The OD on the large section of the drum is 4.8" so if being turned from scratch it would require 5" stock ($152 per foot). By the time you add in labor and needing two or four per system it becomes cost prohibitive for this product, that I why I going to see if the commercial drums will work in the Prototype. Thank you to everyone for your help, oh yes, no coat hangers, rocks or hammers needed, since this engineer knows how to tell the difference. :cheers:

See if they push apart ? You can simply calculate those loads, resulting vectors,
dia. of wire, tension....1st year stuff.

Life cycle testing is needed here.

But as an engineer you should have know that....
 
See if they push apart ? You can simply calculate those loads, resulting vectors,
dia. of wire, tension....1st year stuff.

Life cycle testing is needed here.

But as an engineer you should have know that....

Close, I was simply repeating back some of the great points others made in the above posts.

Your point is well taken but when working on a proprietary design, and discussing some sub-elements about it in a public forum, it's not a good business practice to discuss all the details, I think you understand.
 
Maybe a little late, but what you describe is only one way to do it.
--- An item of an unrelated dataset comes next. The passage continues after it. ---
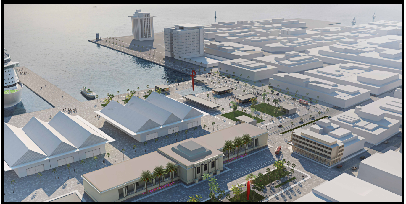
Imagen virtual de propuesta Plaza 500 Años. (© Arq. José Manuel Ruiz Falcón, 2016).

Cabe mencionar que la construcción y puesta en valor de estos proyectos valieron para que en octubre 2016 se otorgase la Medalla de Plata y Mención Honorífica en la categoría de Espacios Públicos al PRCHV en el marco de la XIV Bial Nacional e Internacional de Arquitectura Mexicana.

I spend a fair amount of time dealing with people who want me to build/make things their way. I often wonder why they don't do it themselves, if they're so sure. Sometimes they're absolutely right, it's the best way. More often, they don't understand the process and there's a way to make it simpler/better and save them money. I'm dealing with an engineer right now that has mocked up a complicated bracket where a simple strap will do.....:D

Suggesting this method to your machinist, then asking his advice would be more likely to get the most from him.The initial approach is important to a good outcome.